If anyone on this Earth deserved to win her “battle” it was my sweet mama. Her own mama died when she was 13, leaving her to raise her younger sister, who my mama had to work hard to forgive for usurping her “I’m the baby” spot in the family line-up. They lived on a farm and life was hard. She was the only one of her 4 siblings to graduate from college, and she did it in 3 years. She was president of her sorority, which is how she scored this fetching necklace, and I’m sure she bossed her sorority sisters into next week. Determined to make her mark in the world, she became a teacher, and did it well. She married into a tight-knit Greek family who didn’t necessarily welcome “foreigners,” but she won them over. Every last one of them. Even the stubborn, crotchety old ones. She raised two kids in a most-loving and uber-secure environment. Everything she did, she did it well and with such love & warmth that people were drawn to her. She made this world a better place.
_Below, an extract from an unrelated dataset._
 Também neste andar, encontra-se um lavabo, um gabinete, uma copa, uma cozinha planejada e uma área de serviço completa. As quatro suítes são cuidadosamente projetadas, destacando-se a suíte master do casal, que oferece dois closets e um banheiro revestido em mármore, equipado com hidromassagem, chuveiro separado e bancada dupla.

Yet, after a multi-year, multi-stage “battle,” cancer claimed her as its own. Not fair. Not by a long shot. But fairness has nothing to do with winning the “battle” against cancer. So much of it is luck and circumstance. So much of it is out of our control. That’s a tough pill to swallow for a Type A bossypants like me.
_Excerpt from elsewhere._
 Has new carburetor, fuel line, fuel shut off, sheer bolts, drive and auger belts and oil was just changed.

And that’s exactly why I live now.
Cancer steals so much from us. Big things: health (duh), time, innocence, body parts, hair, self-esteem, a good night’s sleep, healthy body image, money, freedom, time, faith, security. Small things: major wardrobe issues, range of motion in yoga class, being able to look in a mirror without wincing, missing important events, becoming fearful instead of being carefree.
The past is gone, and no matter how hard you may try, you ain’t gettin it back. You can’t change it. The future? Good luck with that one. My theory is you gotta work hard, bear down, be the person you most want to be, and hope for the best. Hope that you’ll avoid the evil lottery that decides who will be stricken with cancer. Keep on living a good life and doing all the right things (antioxidants, splurges in moderation, wholesome foods, regular check-ups and exercise, blah blah blah) but don’t for one second expect those things to earn you a free pass. Because cancer strikes no matter what.
So I live now.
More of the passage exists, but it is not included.